8) New Energy Power Batteries
With the popularization and development of new energy vehicles, the performance and safety of power batteries have received increasing attention. As one of the core components of new energy vehicles, the state monitoring and fault diagnosis of power batteries are particularly important.
Infrared thermal imaging technology can quickly obtain temperature data from various parts by scanning the battery surface, promptly identifying overheating points or areas with abnormal temperatures. This helps in early fault detection and maintenance, avoiding safety risks. Additionally, this technology can assess the thermal runaway risk of battery packs by monitoring temperature differences between individual cells and heat distribution, identifying overheating phenomena, and taking cooling or adjustment measures to ensure the stability and safety of the battery pack.
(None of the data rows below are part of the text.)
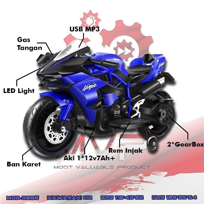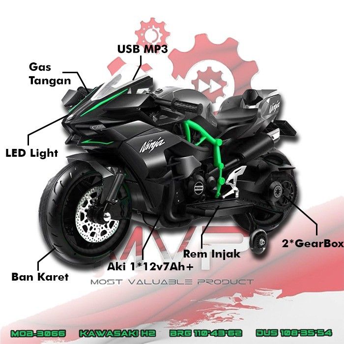 MAINAN MOTOR AKI ANAK KAWASAKI H2 MOB-366
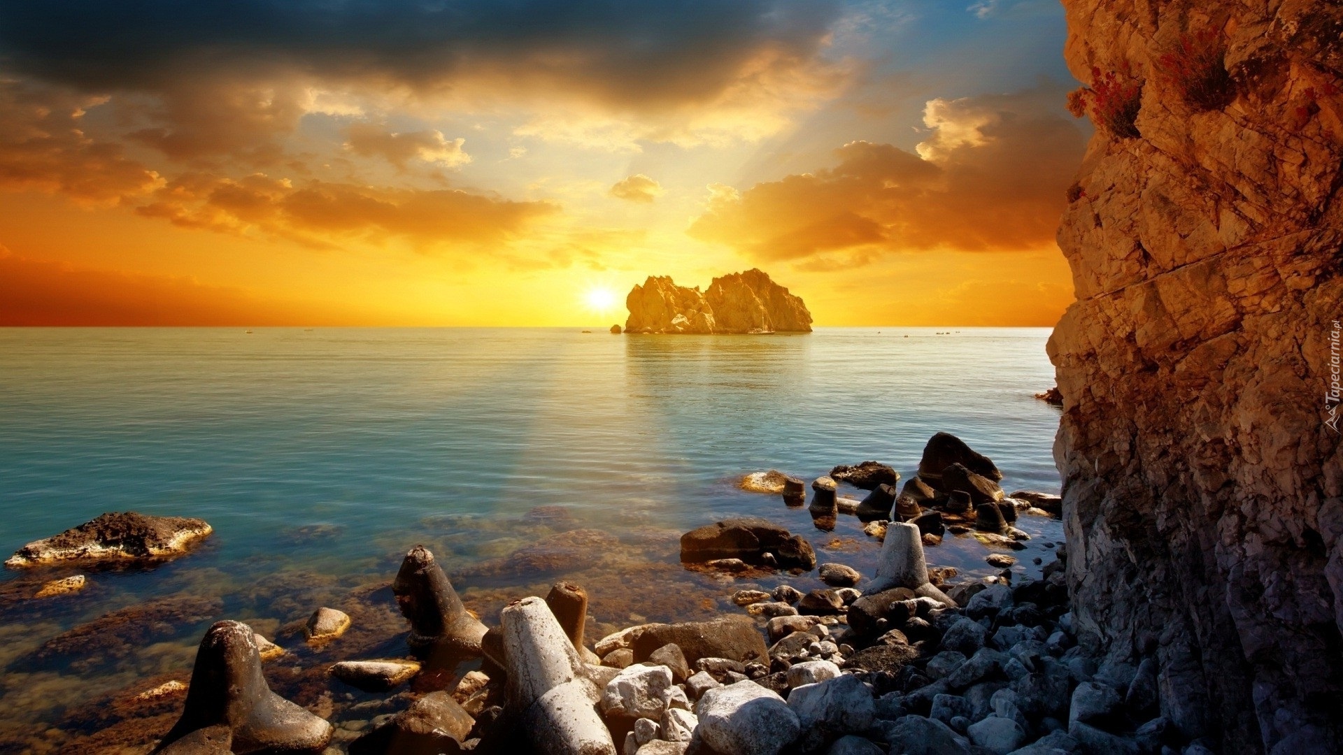 Edytor tapety: Wybrzeże, Morze, Kamienie, Klify, Zachód, Słońca
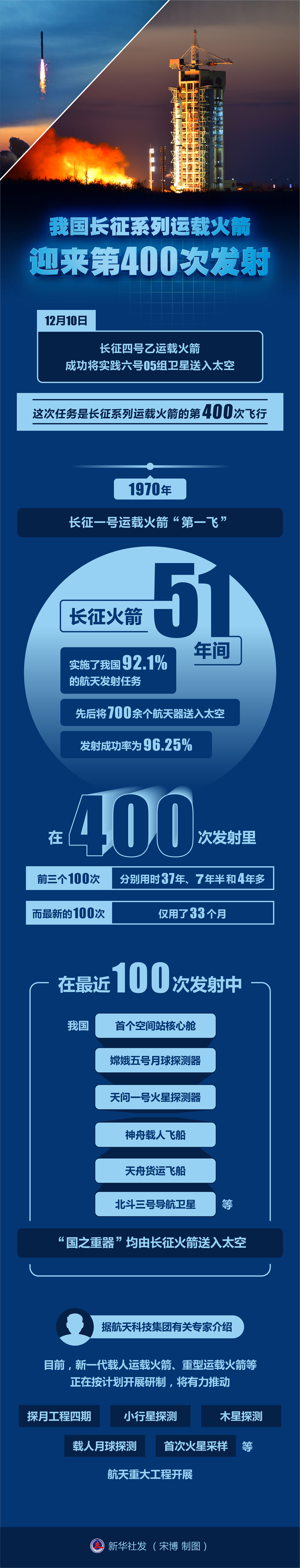 从1970年长征一号运载火箭“第一飞”至今,长征火箭51年间实施了我国92.1%的航天发射任务,先后将700余个航天器送入太空,发射成功率为96.25%。在400次发射里,前三个100次分别用时37年、7年半和4年多,而最新的100次从2019年3月10日至今,仅用了33个月。
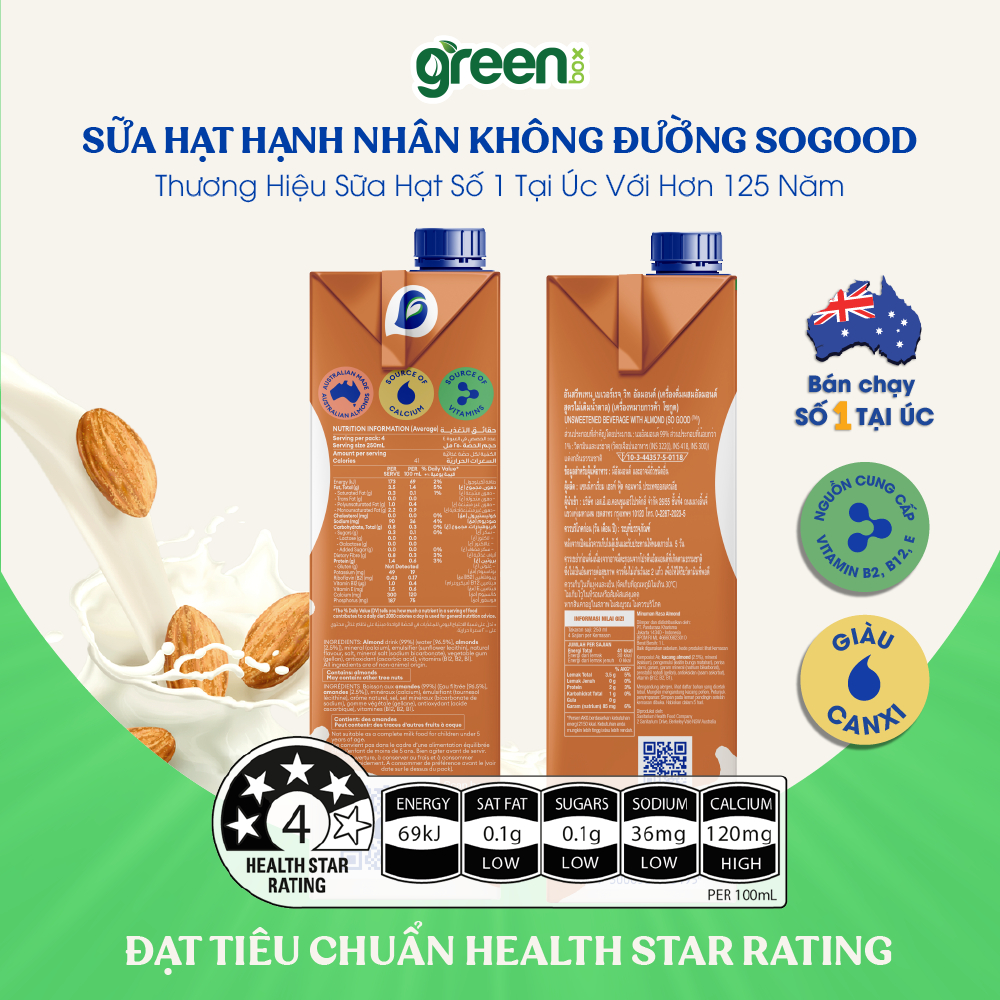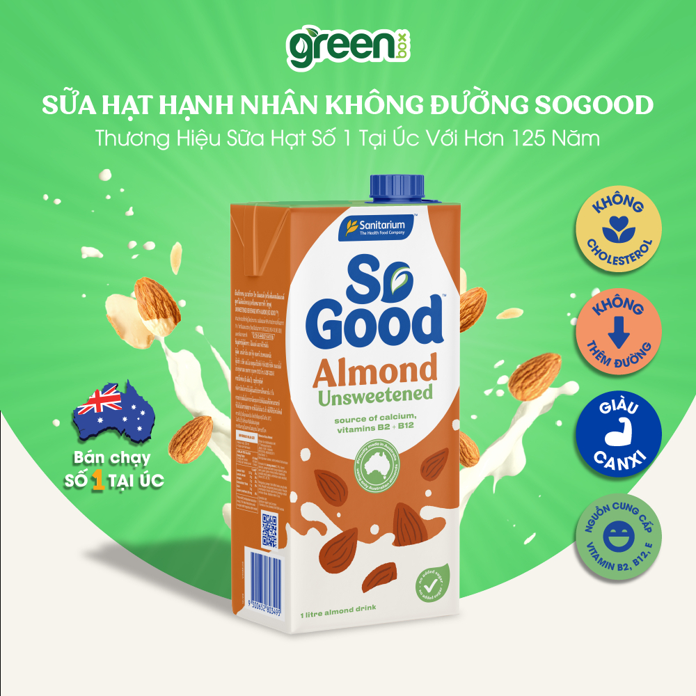 Sữa hạnh nhân không đường So Good 1L calo thấp, bổ sung canxi và vitamin, phù hợp người ăn kiêng
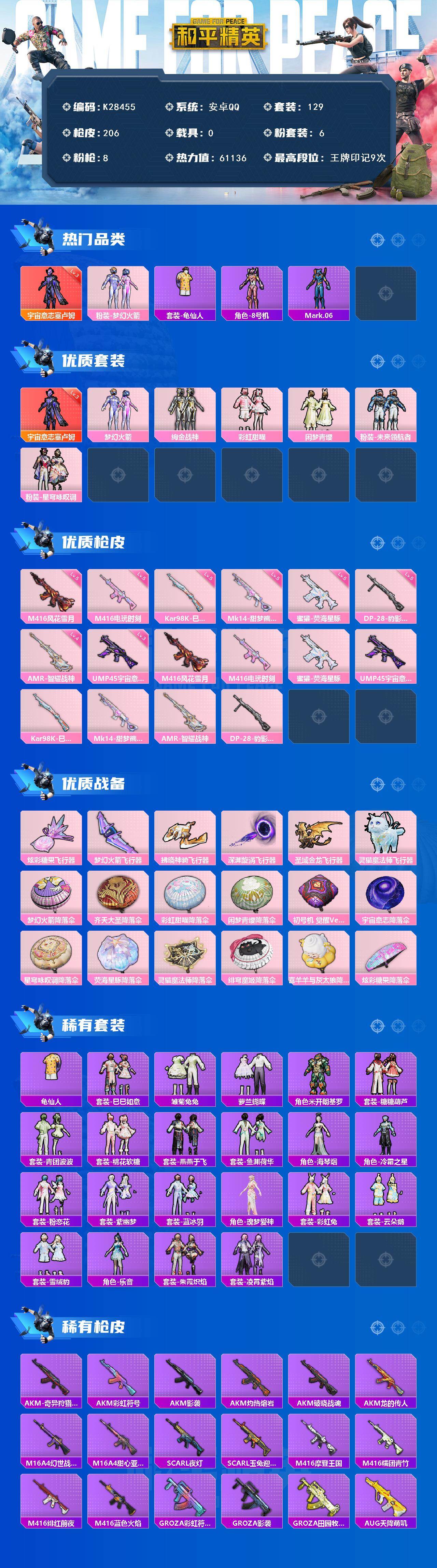 安卓 手Q-1神装-6粉装-8特效枪-0载具-6粉色飞行器-61136热力值-9王牌印记-129套装-206枪皮
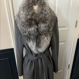 Elie Tahari Women's Sasha Wool Wrap Coat with Real Fur Collar like new Xlarge
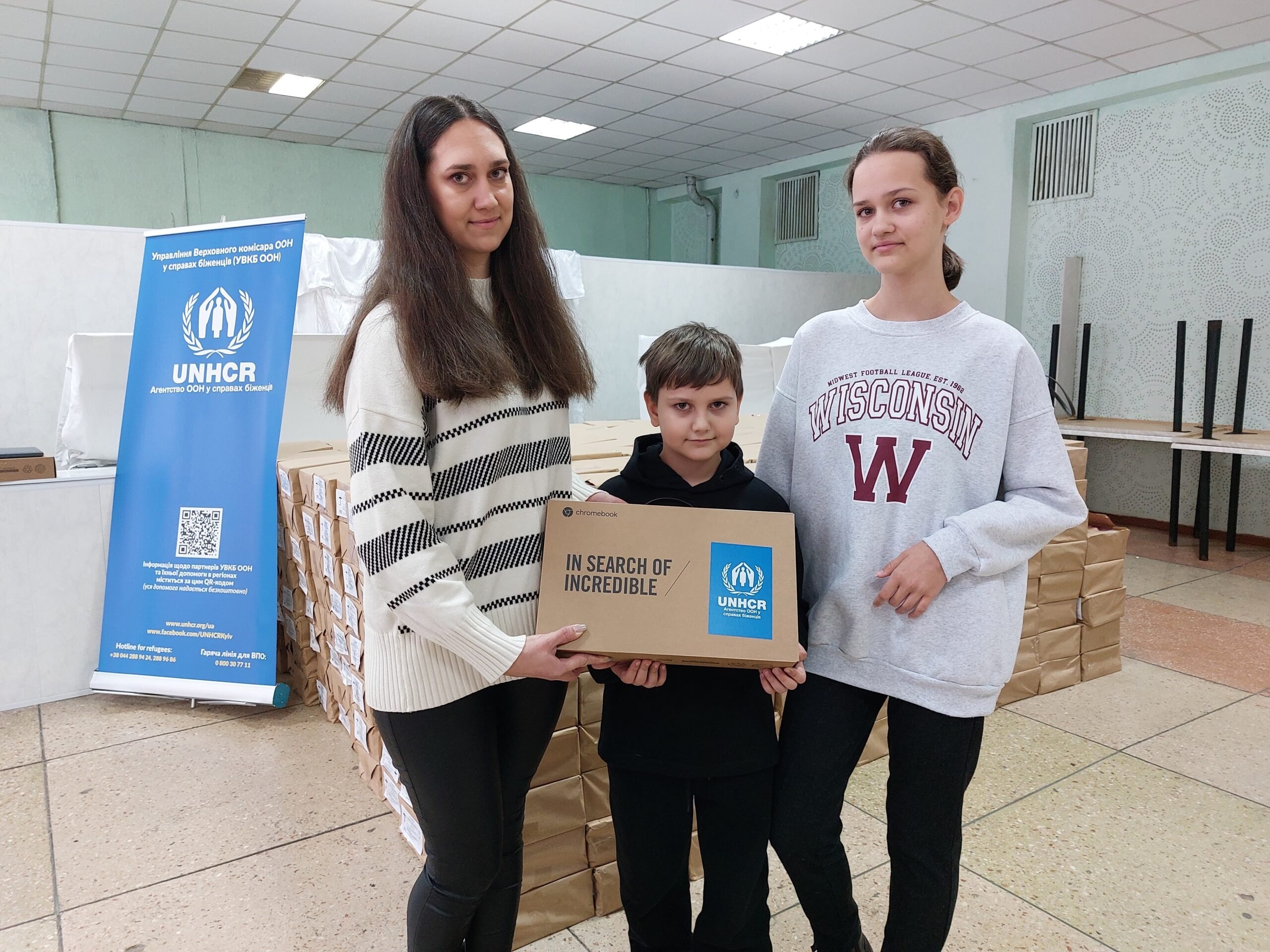 To support children in Ukraine to continue their education amidst the devastating war, UNHCR, the UN Refugee Agency, distributed 1,500 Chromebooks to the Departments of Education in the most affected areas. The laptops equipped with Ukrainian keyboards were then provided directly to schoolchildren to help them attend online classes, as many schools remain physically closed due to the ongoing hostilities and dire security situation.
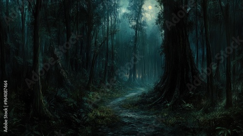 moody, eerie, twilight, forest, mysterious, fantasy, nature, glow, dark, dusk, light, tranquil, evening, natural, skittish, silence, solitude, night, tree, timberland, surreal, contrast, ambience, landscape, illuminated, fog, aethereal, enigmatic, creepy, mystery, background, outdoors, gloaming, atmosphere, foliage, mystical, lantern, hidden, figure, fern, explorer, dim, cloaked, cloak, pathfinder, undisturbed, scene, haunted

Furthermore, infrared thermal imaging can analyze thermal effects during the charging and discharging processes, providing a basis for optimizing charging and discharging strategies and improving battery utilization.
Its rapid, accurate, and non-destructive characteristics make it an important tool in the field of new energy power battery inspection, helping to improve battery performance and safety, and extending battery life.
3. Conclusion
In summary, thermal imaging cameras, based on the principle of infrared radiation from objects, can create thermal images to display temperature distributions. They have applications in various fields including security protection, industrial inspection, new energy sectors. Compared to traditional cameras, thermal imaging cameras excel in dark or low-light environments and can accurately detect the temperature information of objects. This makes thermal imaging cameras an indispensable part of many application scenarios.
With ongoing technological advancements, the performance and application prospects of thermal imaging cameras will continue to expand.